Course 5 Week 1 Assignment 2 Exercise 2

Hi, i’m hitting an error related to the numpy.random.choice function that seems to have to do with probabilities that are slightly above the tolerance for this function. I get the following error:

---------------------------------------------------------------------------
ValueError                                Traceback (most recent call last)
<ipython-input-78-a13d660e654a> in <module>
     19     print("\033[92mAll tests passed!")
     20 
---> 21 sample_test(sample)

<ipython-input-78-a13d660e654a> in sample_test(target)
      7 
      8 
----> 9     indices = target(parameters, char_to_ix, 0)
     10     print("Sampling:")
     11     print("list of sampled indices:\n", indices)

<ipython-input-77-ff3cc52aa630> in sample(parameters, char_to_ix, seed)
     57         # (see additional hints above)
     58         probs = y.ravel()
---> 59         idx = np.random.choice(range(len(probs)), p = probs)
     60 
     61         # Append the index to "indices"

mtrand.pyx in numpy.random.mtrand.RandomState.choice()

ValueError: probabilities do not sum to 1

I’ve tried normalizing the distribution first but it still seems to run into the same error. What am I missing?

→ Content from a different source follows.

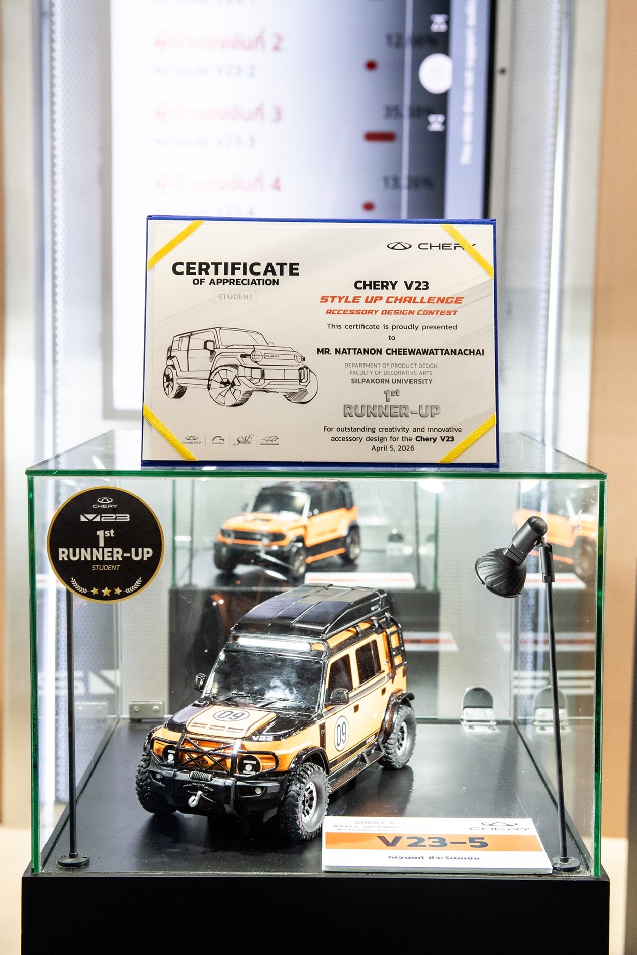 ทั้งนี้ โครงการ “Chery V23 Style Up Challenge” สะท้อนทิศทางของเชอรีที่เติบโตไปพร้อมกับความคิดสร้างสรรค์ของนักออกแบบไทย ดึงแรงบันดาลใจไปสร้างสรรค์เป็นการออกแบบ พร้อมเปลี่ยนไอเดียสู่การผลิตจริง ถือเป็นอีกหนึ่งเวทีสำคัญในการส่งเสริมศักยภาพด้านการออกแบบยานยนต์ของคนรุ่นใหม่ พร้อมต่อยอดสู่เวทีระดับสากล และสะท้อนถึงความมุ่งมั่นในการพัฒนาอุตสาหกรรมยานยนต์ไทยอย่างยั่งยืน

See the hints provided above the function’s cell. The y array is two dimensional. You need to flatten it using ravel function.

I’ve flattened it with y.ravel() already - see line 58 in the code above.

When i check the shape of y it is (27, 100) and when i check the sum of y.ravel() i get ~100.0000000024.

Since the random.choice function requires that the probabilities sum to 1, i’m trying to normalize the values. When i do that - the id selected is greater than size of x.

range(len(probs))

You’re using the wrong variable for the length.

The Step 3 instructions say “…from the probability distribution y”

That might not be the problem, I tried your method and it seems to be OK.
But I recommend you look if you used softmax() correctly to compute y.

Because the error message says your probabilities don’t add to 1, but that’s what softmax() should do.

I think it comes down to a numpy summation error because of rounding the values do not sum appropriately, so i had to scale it manually. The softmax() works fine but the summation of 100 sets of ‘1’ comes out to a +/- 1 and exceeds the tolerance of the random.choice function.

Do not scale the results manually. That is not necessary if you wrote the correct code.

OP did you find a solution? I am having the same problem.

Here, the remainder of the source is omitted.